# Which cities in the Americas are more open-minded/liberal?



## Xusein (Sep 27, 2005)

New York, open-minded? Yes. Relaxed? *NO.*

Same thing would apply to Boston, DC, and any other large US city. If you want to find a relaxed liberal spot, that would probably be found in a college town out west or in New England or somewhere else. Didn't find Toronto to be very relaxed either.


----------



## DarkLite (Dec 31, 2004)

cities like acapulco, maui, nassau, cancun, st croix, aruba are very relaxing indeed. i dont know why they havent been mentioned. for liberal vegas definately tops the list. you can be whoever you want to be in LV! theres also the issue of orlando being RELAXING and LIBERAL. you can bring out the inner child without criticism and have a nice time too


----------



## amigoendf (Mar 2, 2007)

In the case of Cancun, yes is very relaxing, but not very liberal, because the authorities are very worried about show it as a "Family Friendly City" and not as a prostitution center.
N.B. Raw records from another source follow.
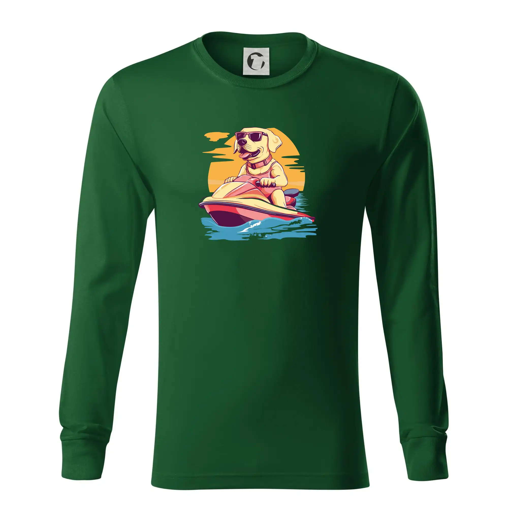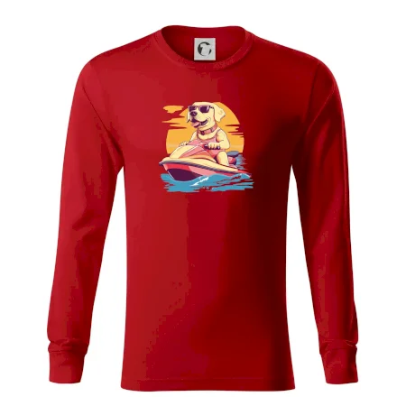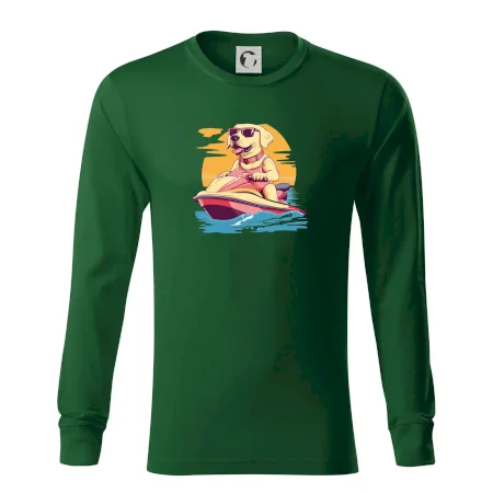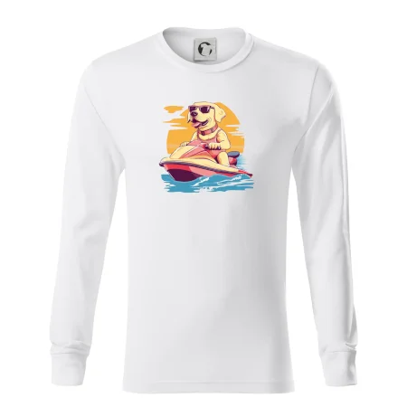Zlatý retrívr na vodním skútru
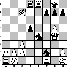 game notation in PGN-format [Event "Herbstturnier"] [Site "www.myChess.de"] [Date "2004.11.18"] [Round "1"] [White "Hobbykegler"] [Black "Chelly"] [ECO "A00"] [WhitemyELO "1086"] [BlackmyELO "1613"] [Result "0-1"] [TimeControl "10/864000"] [WhiteDays "16"] [BlackDays "21"] [MyChessNo "8177"] 1. c3 d5 2. d4 Nf6 3. Be3 Bf5 4. g3 e6 5. Bf4 Bd6 6. Qd2 Nc6 7. Bxd6 Qxd6 8. Nf3 O-O 9. Nh4 Bg6 10. Bh3 Ne7 11. O-O Rad8 12. Nxg6 Nxg6 13. Qe3 Rfe8 14. g4 e5 15. dxe5 Qxe5 16. Qxa7 Nf4 17. Qxb7 Nxh3+ 18. Kg2 Qxe2 19. Qxc7 Ne4 20. g5 Qg4+ 21. Kh1 Nhxf2+ 0-1 position notation in FEN-format 3rr1k1/2Q2ppp/8/3p2P1/4n1q1/2P5/PPP2n1P/RN3R1K - - - 0 22 Captured white pieces: Captured black pieces: Click on a captured piece in order to display the desired move!
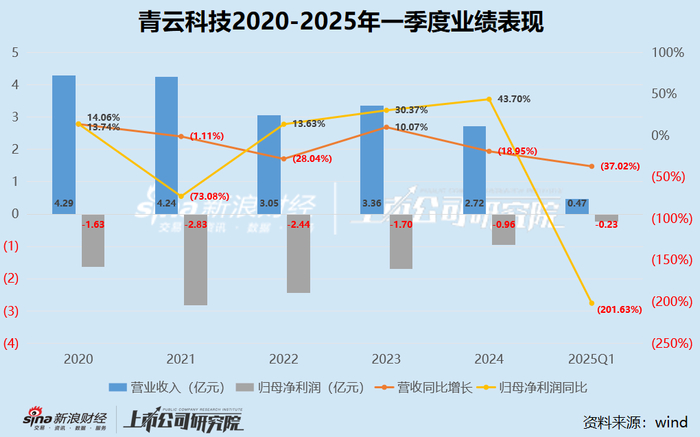 更何况,2025年一季度,青云科技的业绩表现再次恶化,一季度仅实现营业收入0.47亿元,同比骤降37.02%,归母净亏损0.23亿元,相比去年同期亏损扩大201.63%。
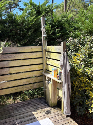 Dans le domaine naturiste unique « La Jenny », sur la côte atlantique française, vous attend notre chalet privé – niché dans la pinède, légèrement surélevé avec une large vue sur le golf et à seulement quelques minutes de la plage.
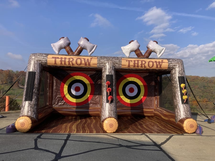 Are you looking to add excitement to your event with the best inflatable game rentals in Parkersburg, Vienna, Williamstown, Mineral Wells, Belpre, Ravenswood, Ripley, Charleston, Clarksburg, Wheeling, Moundsville, Cambridge, and Athens? Look no further! Our Double Ax Throw is available for delivery across these areas, ensuring that wherever you are, you can bring the fun directly to your doorstep. Make your event unforgettable with our top-of-the-line rental services.
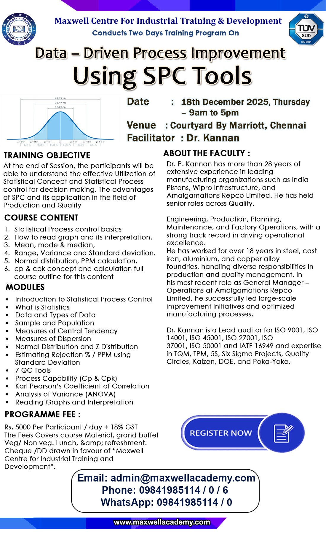 1 | Data – Driven Process Improvement Using SPC Tools (Click here for Brochure) | Dr. Kannan | 18th Dec 2025 – Thursday – 9am to 5pm | Rs. 5,000 per participant / day + 18% GST | Courtyard by Marriott, Chennai |

The nigthlife in Cancun is one of the greatest in the world, but at the same time Cancun wants to keep it self as a "family friendly" destination. Puerto Vallarta is more liberal for example.

The locals of Cancun (most of them are mayan people from Yucatan) are very conservative in their family and friends relationships. 

That's why Cuernavaca, Tijuana, (maybe Puerto Vallarta) and Mexico City are very more liberal cities.


----------